Humanistic is the debut album by Abandoned Pools. It was released in September 2001 through Extasy International. Though two songs were co-written by Pete Pagonis, the album is considered a solo work of Tommy Walter's in which he used new material, as well as several songs he'd worked on beforehand in both Tely and Metromax, to compose, record, and release.

The album features a contrast of dark, gloomy, and sometimes aggressive songs such as "The Remedy" and "Blood" and more serene, upbeat tracks like "Start Over" and "Sunny Day." Elements of industrial rock are evident in various ways; keyboard is used in light melody of the dark-lyric-themed "Ruin Your Life" as well as the raging chorus of "Fluorescein," and ambiguous, non-sung vocal recordings are featured in various tracks. Synth effects are also utilized in various songs. Four tracks include backing vocals by Angie Hart of Frente!. Hart's harmony style alongside Walter's somewhat androgynous voice creates a unique vocal chemistry. This album was mixed by Chris Lord-Alge and Matt Silva, and was mastered by Gavin Lurssen.

==Touring and promotion==
While Humanistic was released in September 2001, the majority of promotion took place from early to mid-2002; indeed, the album and its singles did not begin to chart until March 2002 and commonly peaked around May. Leah Randi and Bryan Head filled out the ranks of bassist and drummer for the album's tour support. They had several successful tours, going across the country and headlining with acts such as Garbage and Lenny Kravitz.

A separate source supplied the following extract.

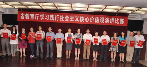 为深入学习贯彻党的十八大精神,推动省教育厅社会主义核心价值观的学习、宣传、践行以及省教育厅社会主义核心价值体系建设,根据省委省直工委要求和省教育厅《关于举办学习践行社会主义核心价值观演讲比赛的通知》精神,5月24日,省教育厅举行了“学习践行社会主义核心价值观、我的中原梦”演讲比赛,整个比赛掌声不断、精彩纷呈。教育厅副巡视员赵国河、省招办纪委书记舒卫建出席活动,并为获奖选手和优秀组织奖单位颁奖。来自厅机关、厅直属单位(学校)的领导和单位代表150余人到场观摩了各位选手的精彩演讲。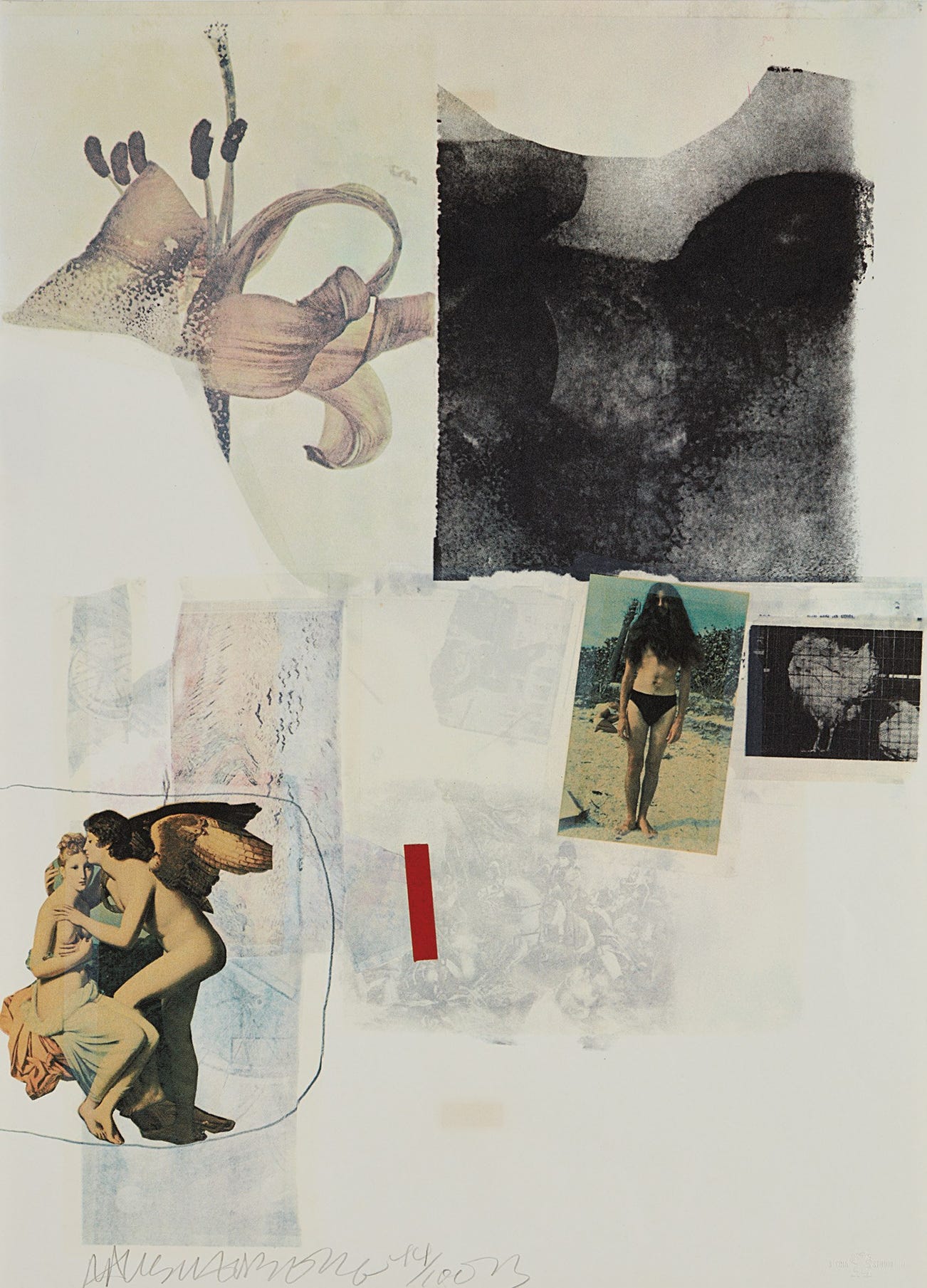Screenprint and collage in colors, on Rives BFK paper, the full sheet.

A music video was produced for the lead single, "Mercy Kiss," and saw substantial airplay on MTV2. "The Remedy" and "Monster" were second and third video/single releases; however, the latter consisted of tour footage and was released long after the others via MTV's website. "Start Over" was also included on the National Lampoon's Van Wilder soundtrack in March 2002.

The group performed "The Remedy" on the June 5, 2002 edition of The Tonight Show with Jay Leno and the June 26 edition of The Late Late Show with Craig Kilborn. A large number of songs off Humanistic were also featured on the MTV animated series Clone High which debuted in November that year, with "Start Over" being the finale song of the show. However, after the series was dropped by MTV in February 2003, Abandoned Pools stopped touring (largely due to the dissolution of their label, Extasy Records).

==Reception==

The album received overall high praise upon release. Jason Thompson of PopMatters compared Humanistic to Billy Corgan's solo work and noted it as much more successful. He went on to proclaim, "Humanistic is a fantastic album that could be considered a masterpiece of electro-pop... Walter has a gift for creating dense pop confections that manage to float like a feather even with all of their heaviness." Often referring to the 31-year-old as a "kid," Thom Jurek of AllMusic described Walter as a "harder-rock version of Tommy Gnosis: vulnerable, lost, and wanting desperately to put it all into terms that are rock & roll enough to make him stand out from the crowd."

Professional ratings
Review scores
| Source | Rating |
| AllMusic | Star |
| PopMatters | Star |
| musicOMH | Star |

==Track listing==
All songs are written by Tommy Walter, except where noted.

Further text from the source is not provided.